Most state doctors in Cyprus are on a 24-hour strike from 7:30 am on Thursday in protest against the lack of professional insurance coverage.
Pasydy union members are not taking part in the strike so emergency and other special cases will be serviced.
At the same time, the island’s Health Services Organisation (Okypy) has described the strike – by Pasyki union members only – as unnecessary.
“We consider strike actions unnecessary and not in the best interest of patients,” said Okypy spokesperson Haralambos Harilaou.
He also said that an extension of insurance coverage for professional negligence liability has been secured for all Okypy personnel, including seconded, transferred, and contracted doctors until the end of the current year.
Furthermore, he added, there has been an extension of the handling process for cases concerning professional negligence by public servants seconded to Okypyi.
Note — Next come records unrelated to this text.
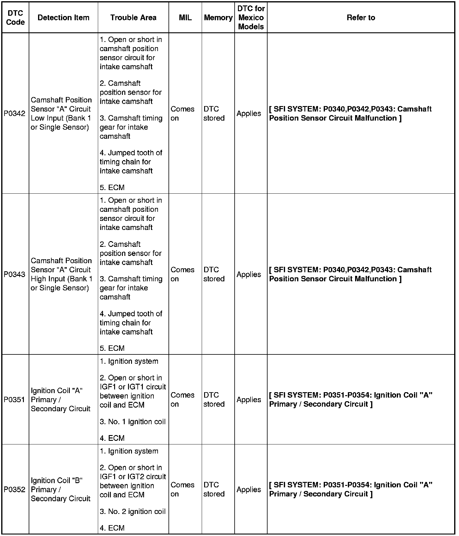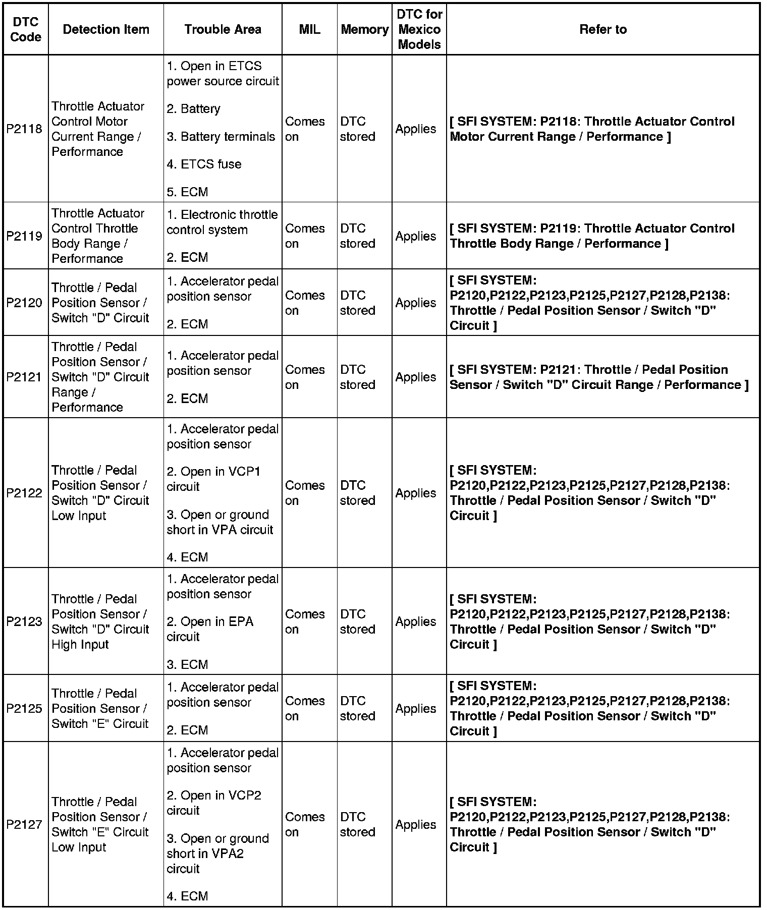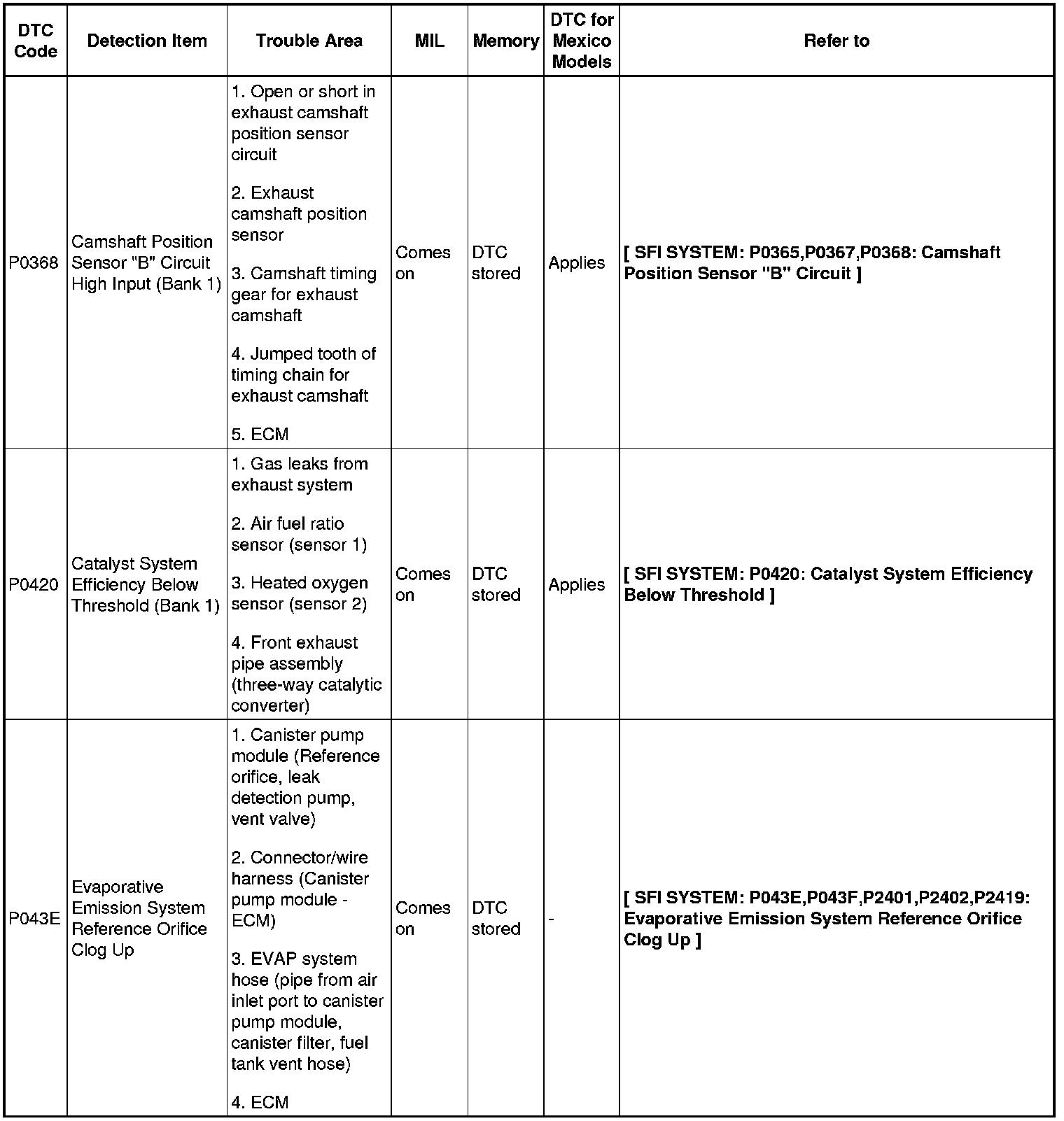 2ZR-FE ENGINE CONTROL: SFI SYSTEM: DIAGNOSTIC TROUBLE CODE CHART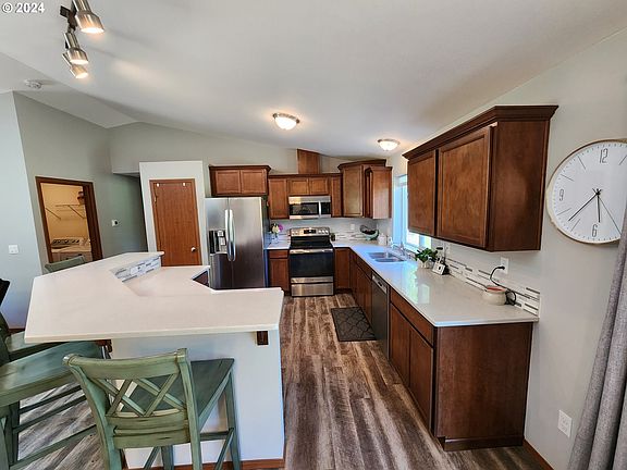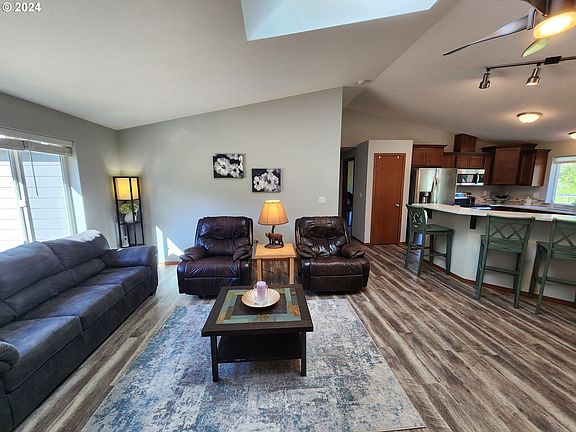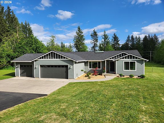 Welcome to your dream retreat nestled on 2 acres of picturesque landscape with a BRAND NEW LOOK! This charming one-level home boasts 3 bedrooms, 2 bathrooms, an inviting open concept great room, and fresh interior and exterior paint. Step inside to discover the heart of the home, featuring a grand open concept with vaulted ceilings and three skylights to bring in radiant natural light. The updated finishes include sleek quartz counters and luxurious vinyl plank flooring, creating a seamless blend of style and durability. The kitchen, equipped with stainless steel appliances, ample cabinetry and pantry. The primary suite features a large walk-in closet and a private Ensuite bath, with soaking tub, walk-in showing, double sinks, and two extra deep linen closets. Two additional bedrooms, each generously sized, provide versatility for guests, a home office, or hobbies. Beyond the interior lies the expansive outdoor space with almost 2 acres of level usable space. Just off the dining room, there is a gazebo covered patio space and several fruit trees including, apple, peaches, fig, and pear! This property is also prepped and wired for a future shop. In addition to the numerous opportunities with the land, the 3-car garage offers ample space for vehicles, toys, storage and other projects. This property is located just minutes away from the library and water recreation! Don't miss the chance to make this your own slice of PNW paradise! Schedule your private tour today.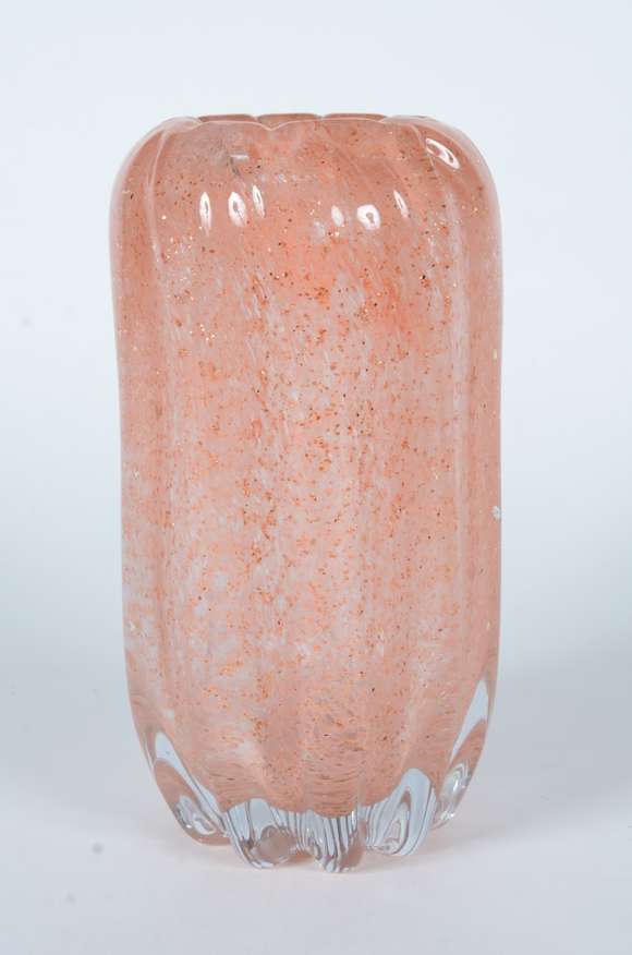 Vaso de vidro decorativo na cor rosa, trabalhado em gomos.

When asked about potential disruptions in public hospitals, Harilaou stated, “Only Pasyki is on strike; Pasydy is not participating. Therefore, a number of doctors will be available in departments and clinics where Pasyki doctors are present to meet the needs of urgent cases. No patient will be left without proper assistance.”
Regarding informing patients about appointment cancellations, he mentioned that it is the responsibility of each hospital to take all necessary measures in this regard.
In response to Okypy, Pasyki President Sotiris Koumas expressed his disappointment over the position of the authorities, who as he said are not moving to resolve the issues.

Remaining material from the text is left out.